■ Work item: Starting with the line that contains "Ceramic Easter Egg" and stopping after the line that contains "商品名 | アンティーク調", return each line below exactly as written, with no others.

[Supplied data — start]

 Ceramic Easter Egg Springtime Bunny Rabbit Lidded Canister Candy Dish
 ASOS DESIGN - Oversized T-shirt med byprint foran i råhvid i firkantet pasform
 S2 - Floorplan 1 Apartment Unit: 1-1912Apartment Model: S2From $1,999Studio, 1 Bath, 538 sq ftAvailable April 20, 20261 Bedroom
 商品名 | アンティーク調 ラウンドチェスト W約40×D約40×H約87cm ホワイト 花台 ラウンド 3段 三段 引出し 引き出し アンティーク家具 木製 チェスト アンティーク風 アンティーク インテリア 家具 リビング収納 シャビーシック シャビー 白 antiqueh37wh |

[Supplied data — finish]
[Supplied data — start]

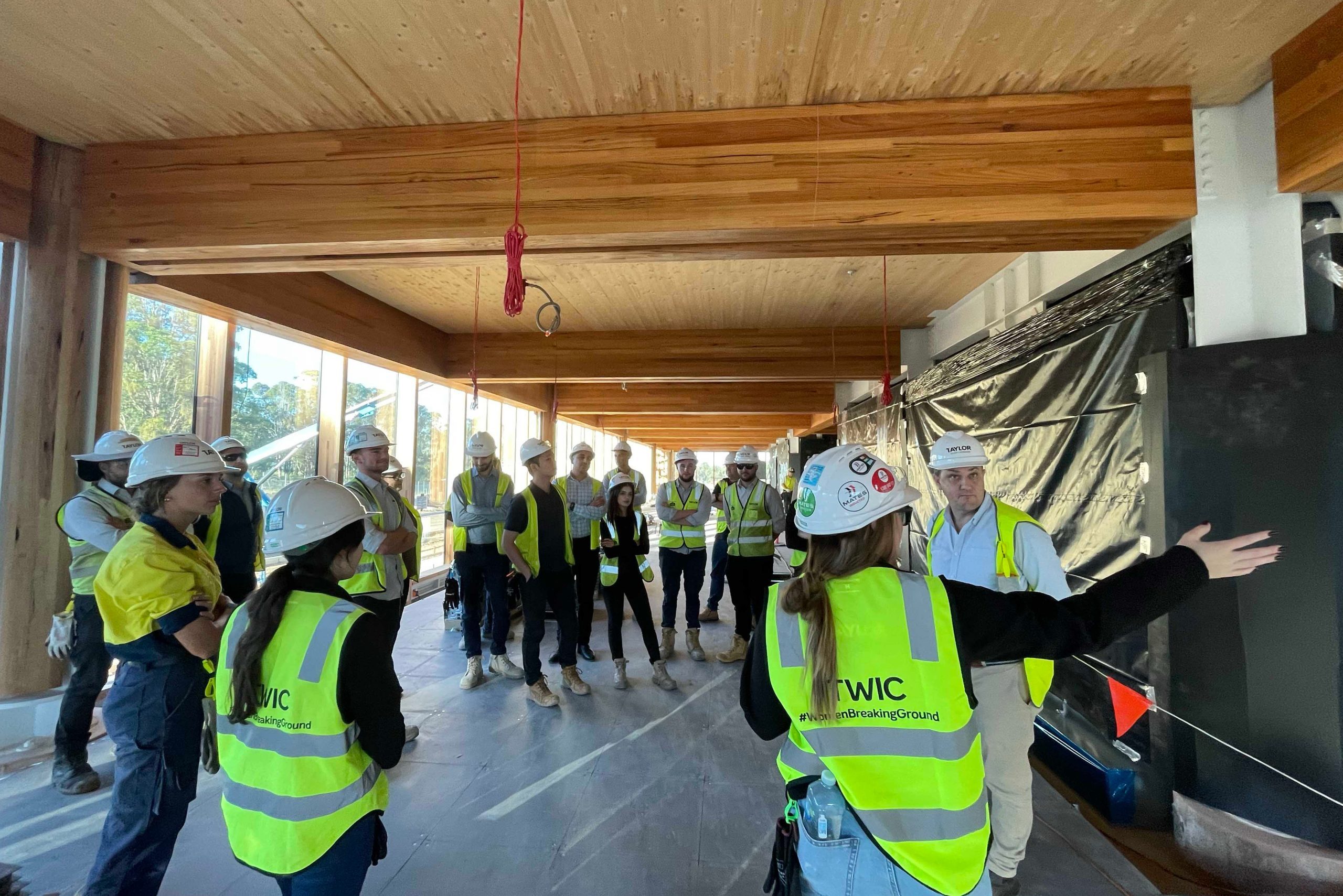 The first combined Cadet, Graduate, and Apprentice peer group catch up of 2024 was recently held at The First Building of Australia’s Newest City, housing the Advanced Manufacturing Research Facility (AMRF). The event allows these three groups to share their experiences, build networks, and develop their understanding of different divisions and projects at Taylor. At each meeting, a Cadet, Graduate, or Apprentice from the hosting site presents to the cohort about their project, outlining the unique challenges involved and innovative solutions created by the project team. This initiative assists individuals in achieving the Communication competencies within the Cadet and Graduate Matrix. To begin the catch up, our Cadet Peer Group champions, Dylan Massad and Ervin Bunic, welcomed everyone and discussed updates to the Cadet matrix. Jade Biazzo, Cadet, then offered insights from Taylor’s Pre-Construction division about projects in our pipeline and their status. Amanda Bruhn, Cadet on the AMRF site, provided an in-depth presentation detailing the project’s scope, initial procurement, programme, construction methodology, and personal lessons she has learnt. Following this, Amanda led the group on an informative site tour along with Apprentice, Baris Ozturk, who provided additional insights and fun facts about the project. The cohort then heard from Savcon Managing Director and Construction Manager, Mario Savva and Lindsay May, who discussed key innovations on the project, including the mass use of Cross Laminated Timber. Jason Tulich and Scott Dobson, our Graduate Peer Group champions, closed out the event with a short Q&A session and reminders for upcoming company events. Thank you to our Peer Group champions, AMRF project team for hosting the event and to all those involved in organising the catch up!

[Supplied data — finish]

■ Answer to this task:
 Ceramic Easter Egg Springtime Bunny Rabbit Lidded Canister Candy Dish
 ASOS DESIGN - Oversized T-shirt med byprint foran i råhvid i firkantet pasform
 S2 - Floorplan 1 Apartment Unit: 1-1912Apartment Model: S2From $1,999Studio, 1 Bath, 538 sq ftAvailable April 20, 20261 Bedroom
 商品名 | アンティーク調 ラウンドチェスト W約40×D約40×H約87cm ホワイト 花台 ラウンド 3段 三段 引出し 引き出し アンティーク家具 木製 チェスト アンティーク風 アンティーク インテリア 家具 リビング収納 シャビーシック シャビー 白 antiqueh37wh |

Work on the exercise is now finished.